Let there be sound In the beginning the ancients pronounced source as emerging from sound. In the beginning the ancients spoke of all creation... emanating from resonance. In sound I find my center. Through sound all formations come to light. Vibration IS the sphere. The primordial fog Wills expression into being. The higher harmonic of the eather materialized. Being is a shape whose center is everywhere and circumference no where. A pulse. Infinite and fleeting. Volatile is existence. Seeing the sound. Hearing the bright sight. Immersed in a state of synesthesia. Let there be sound. Echoes on.

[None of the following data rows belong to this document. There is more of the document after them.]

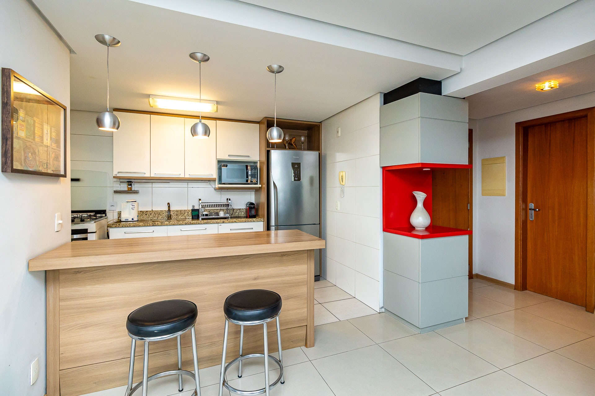 Apartamento finamente mobiliado de 1 dormitório com 44m² de área privativa,1vaga de garagem. Dispõem de uma suíte, living integrado a sala e cozinha que dispõem de churrasqueira e lavanderia, amplas aberturas proporcionando amplitude com uma linda vista, ambientes com ótima iluminação e ventilação natural. Prédio com infra como piscina, espaço fitness salão de festas e brinquedoteca. Localização p...
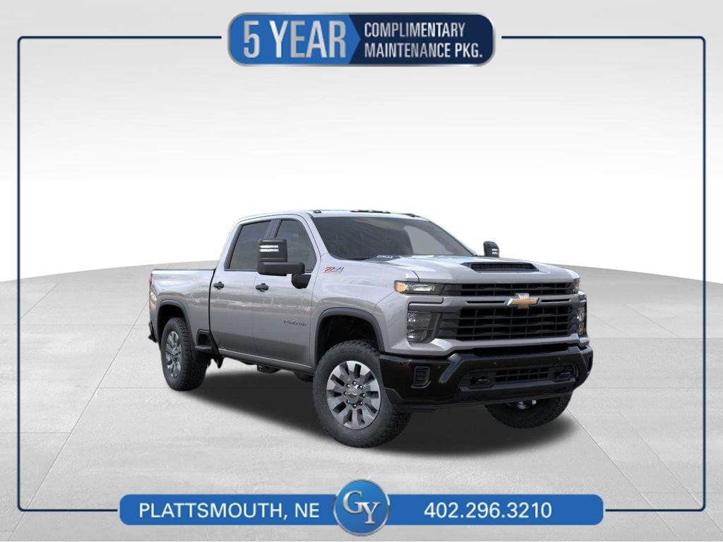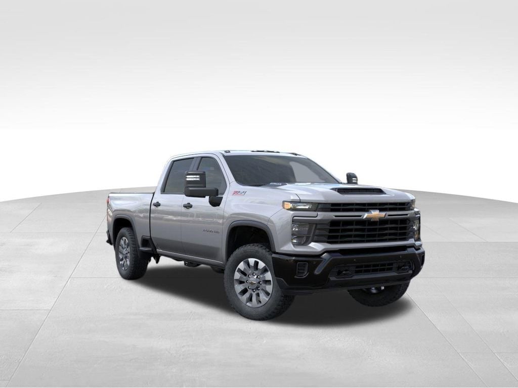 Clean design and purposeful details define our 2026 Chevrolet Silverado 2500HD Custom Crew Cab 4X4 in Sterling Gray Metallic, offering a confident presence with just the right balance of comfort and durability. Motivated by a 6.6 Liter V8 offering 401hp to a 10 Speed Allison Automatic transmission for heavy-duty strength to spare. This Four Wheel Drive truck also has an auto-locking rear differential and a robust suspension to help get the most out of its mighty engine. Our Silverado 2500 looks great whether it's towing, hauling, or taking on other tough challenges, thanks to its LED taillamps, black accents, black recovery hooks, side/rear bed steps, box lighting, a hitch receiver, vertical trailer mirrors, and a locking tailgate.
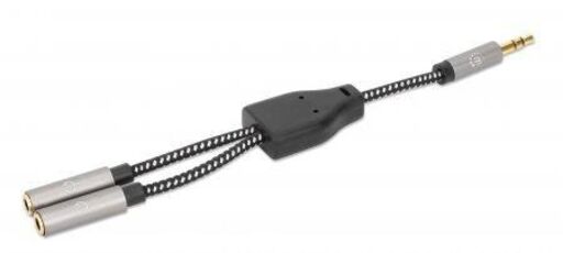 Un connettore maschio e due connettori femmina stereo ausiliari da 3.5 mm per splittare un singolo jack audio presente su una sorgente multimediale in due jack cuffie
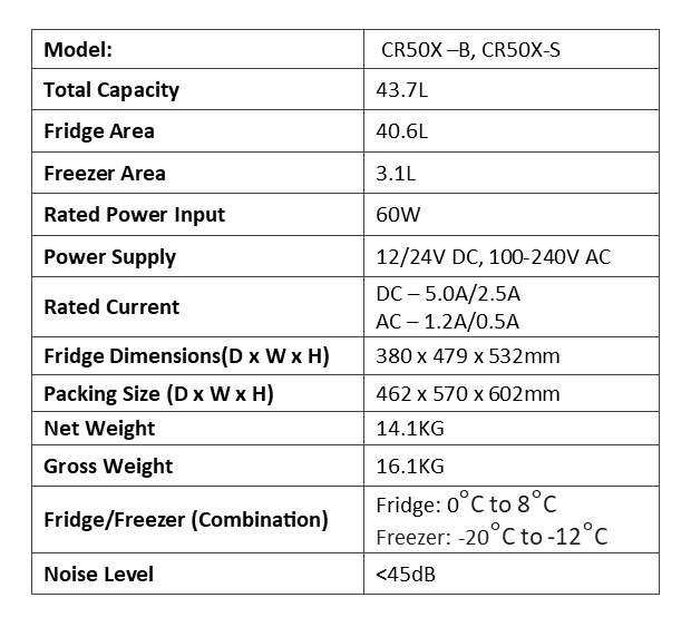The CR50X is designed specifically for campervans, RVs and motorhomes. Perfect for a compact kitchen space, it boasts exceptional cooling capabilities
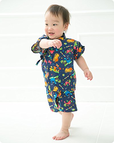 【送料無料メール便】【ER2331S9】甚平 スーツ ベビー 子供 キッズ 恐竜柄 夏祭り 盆踊り 男の子 【80cm 90cm 95cmサイズ】【日本製】 (90cm, 青)
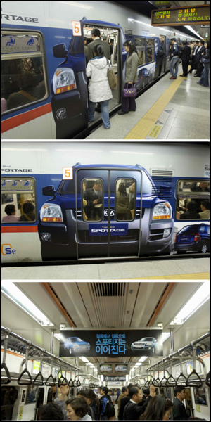 기아차는 일산까지 이어지는 3호전 지하철에 광고를 실시, 모터쇼 관람을 위해 일산 킨텍스로 향하는 시민들에게 이색적인 볼거리를 제공하는 것은 물론 광고 효과도 높아질 것으로 기대하고 있다.
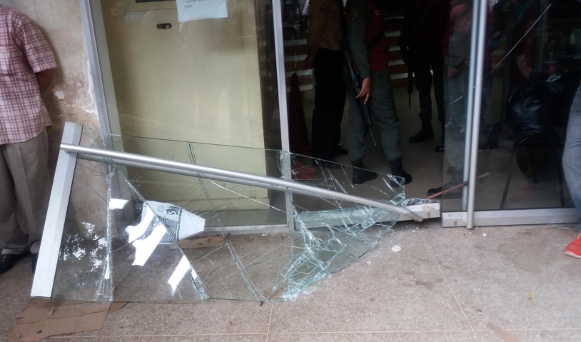 En horas de la tarde de ayer un grupo de personas protestaron frente del Banco Bicentenario en la Av. Aguerrevere
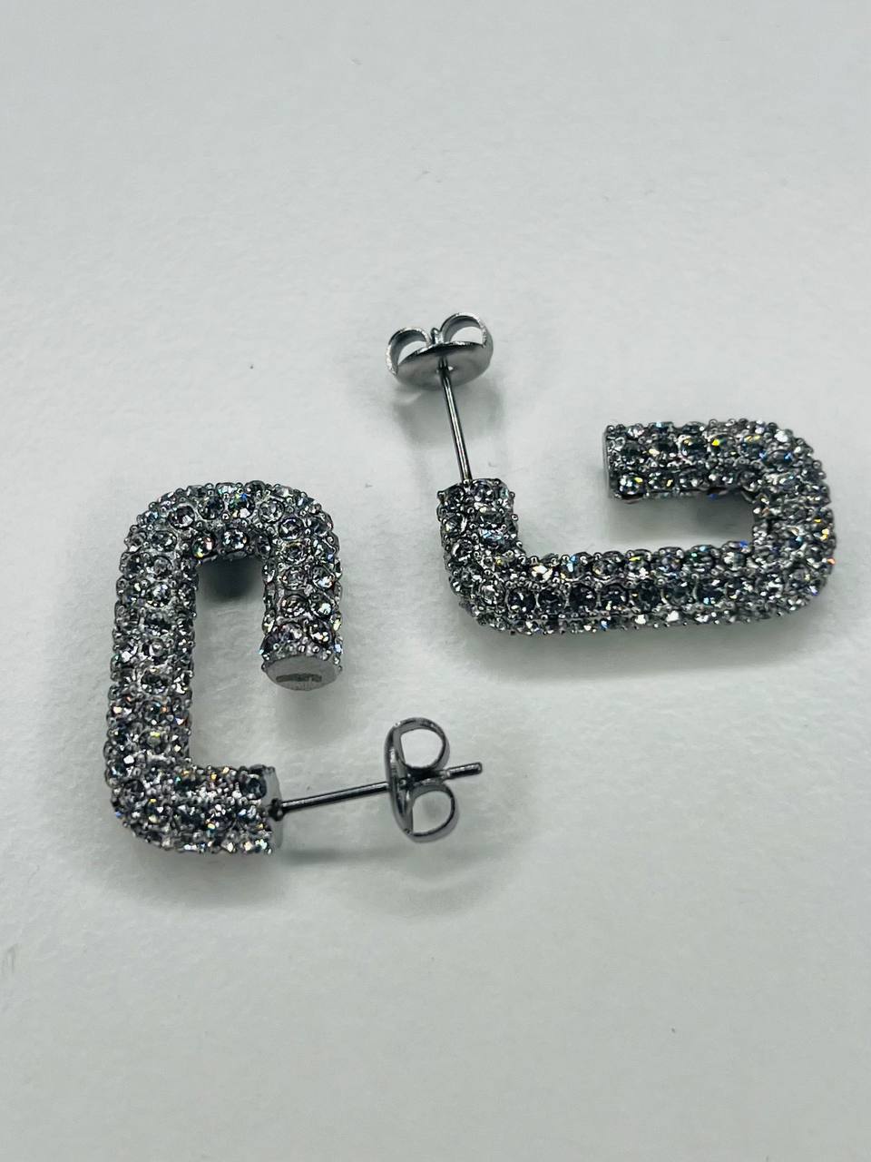 Orecchini a ferro di cavallo con strass incastonati su tutta la lunghezza. Chiusura con ago e farfallina.
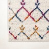 In shades of ivory, pink, blue, orange, this Moroccan trellis is Inspired by timeless vintage designs and crafted with the softest polypropylene available. This beautiful linear pattern is made modern in a bright ivory yarn power loomed for durability. The simple geometric stripes, triangle and diamond motifs will give a fresh look to any room.
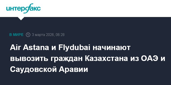 Москва. 3 марта. INTERFAX.RU - Министерство транспорта Казахстана сообщило о начале вывозных рейсов из Саудовской Аравии и ОАЭ.
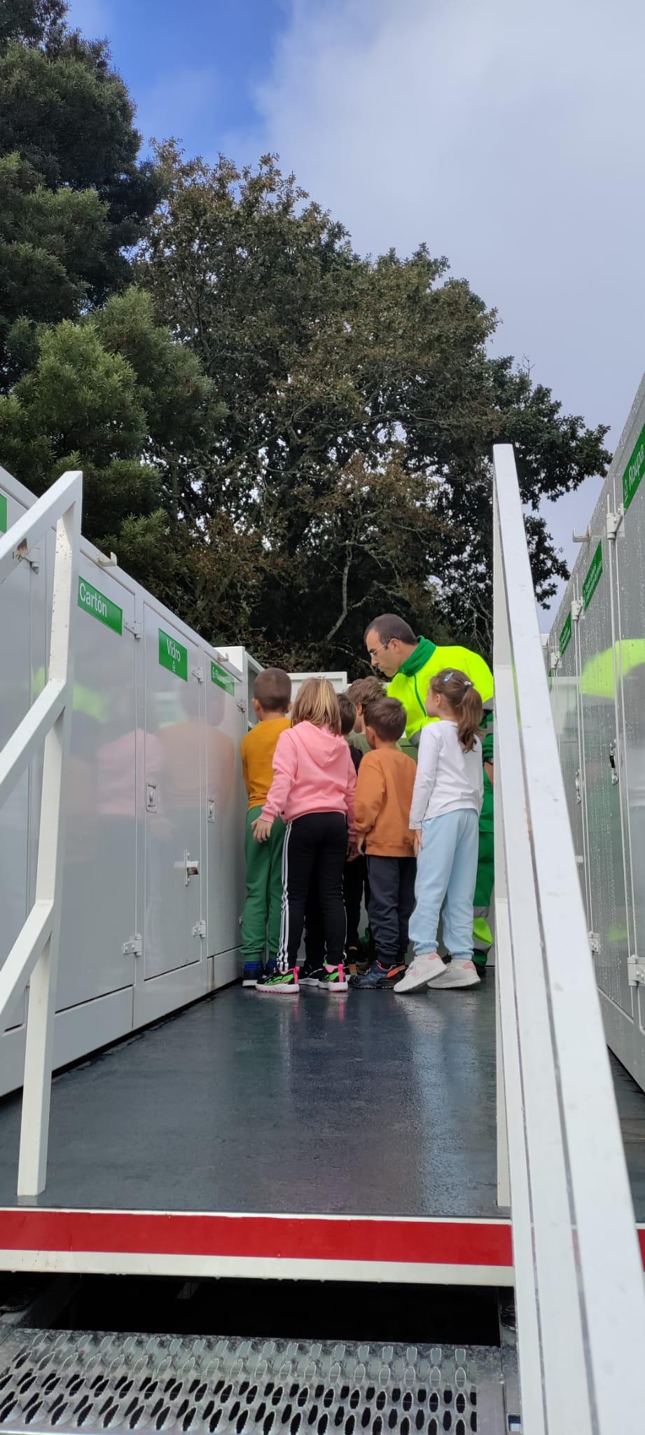 Visita do punto limpo móbil para o alumnado de 1°ciclo, que son a ecopatrulla do cole. Explicoulles como se recicla, a onde van, que fan logo no punto limpo fixo, onde está... (coa colaboración do Concello)

Fallen Dream I am the central stillness. I am a whisper. I am the cosmos. I am the warmth in your heart that shine light in the darkness. I dwell in your waking hours and in the realm of your sleep. It’s ok to open your eyes-slowly-when you are ready to truly see. Take one breath at a time. Move through me. Have faith in my presence. Seek when you feel alone, and take rest on my soil. Take refuge in the synchronicity of my pulse. I love you as myself. Take deep breath’s. Unclench your heart. Take off your disguise and let go of your pain. I can hold it for you. I see you have taken all you can bare. The courage you have had to face your shadow. As you heal yourself, you heal the collective. I ask you to rise. To be in a state of high vibration. To remember that you won’t fail…All you have to do is hold on. To show up. Let go of the confusion and doubt seeded by your culture. The conditioning of your societies. Seek to find the truth. Your inner wisdom guides you. Open up. Practice on The Tree of Life to understand me. The demons of this world are Angels, who lost their way. This is all a story. A fallen dream. All is of pure Aether, or nothing is. You are entering the unknown. But if all is of Aether, then the Aether is the unknown too. To behold the unknown, and know it as the whole, is to claim faith. You do not need fear, nor hate any longer. Hand it over to me. Rest it here gently. I’m sorry the world hurt you…Rest now. Remember, I am always with you.
She says “I have demons baby. And this is just feeding them.” And he responds in all honesty... “but baby, who can blame the swamp for it’s monsters?”
I was acting 'mad again’, I told him “sorry” and lets start again then. But he griped my hand, stared deeply into my eyes, through my soul’s painful afflliction’s, and said...“let’s continue”...
If a choice has to be made between this and death. I am happy to die.
I light a candle in the church alter, i kneel. I ask influence C is this a drill? “Love cannot offer you peace of mind”. I write him a love letter he refuses to read. I think of Sylvia Plath’s. To win your lover, tear him away from his afflictions. Light is easy to love. Show me your darkness. I give it all away. I let the resentment fade. Feeling is better than the numbness they say.
He loves me. "You’ve had an impact on me" he said soberly on his Isle of Bute. Strumming the blues on his old guitar, wrtiting his pomes, hiding his scars. A turbulant past, but love in his heart. Restless nights, a full moon resides. Emotional, mental and physical pains keep him awake. I block him to keep him away. To spare my heart, the wilderness it cannot take. But I return because i have to stay. Both addicts in our own ways. If there’s a God, please heal this ache. This stone bleeds.
I wish he’d left me be in the empty house. Don’t claim me if i’m not for keeps.
Peace of mind? Nah, let’s go for intensity. Even when it breaks me. This is what it is to truly be living.